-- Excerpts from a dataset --
****************

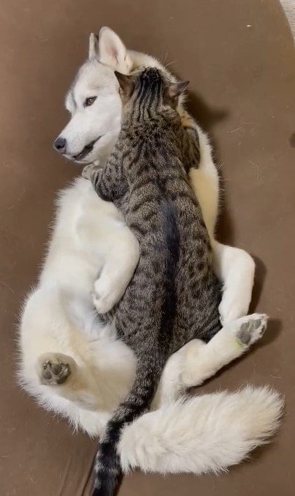 注目を浴びているのは、キジトラ猫の「サン」くんとハスキー犬の「ユキ」ちゃん。2匹はママと子どものような関係で、日頃から仲良く密着してくつろぐことが多いようです。
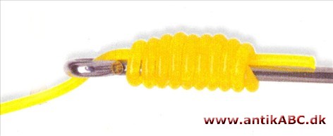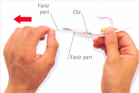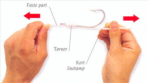 (6) For at stramme tørnerne trækker man hårdt i den faste part og i den korte linetamp, så tørnerne kommer til at ligge tæt sammen omkring krogens skaft.
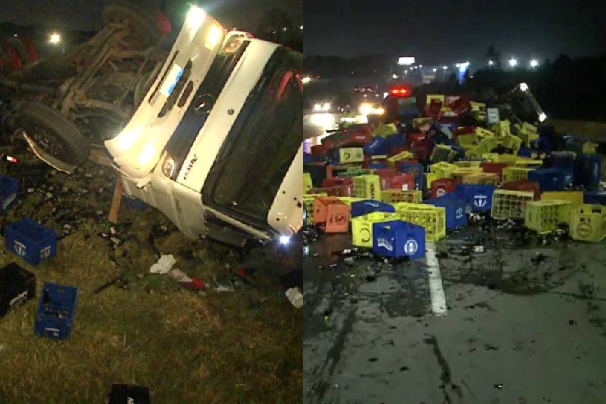 Caminhão carregado com cervejas capota e motoristas roubam a carga
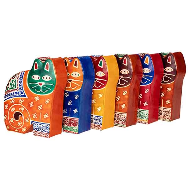 Süße Katzen-Spardose mit einem Schlitz am Rücken für den Münzeinwurf. Öffnen lässt sie sich einfach mit einer Bodenlasche die durch einen Druckknopf wiederverschließbar ist.
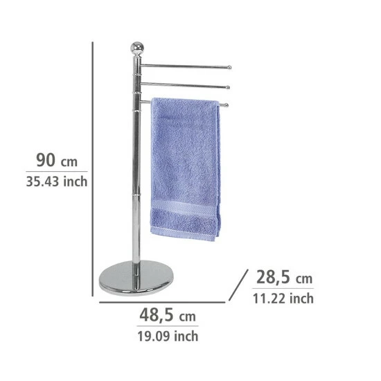 - Lieferumfang: 1x Exclusiv Handtuch- und Kleiderständer, Chrom, massive Bodenplatte, von WENKO, Maße (B x H x T): 28,5 x 90 x 48,5 cm.

****************

Please reproduce the entries above exactly, from their first line to the line holding "(6) For at stramme" inclusive, and nothing else; the pictures stay out.

 注目を浴びているのは、キジトラ猫の「サン」くんとハスキー犬の「ユキ」ちゃん。2匹はママと子どものような関係で、日頃から仲良く密着してくつろぐことが多いようです。
 (6) For at stramme tørnerne trækker man hårdt i den faste part og i den korte linetamp, så tørnerne kommer til at ligge tæt sammen omkring krogens skaft.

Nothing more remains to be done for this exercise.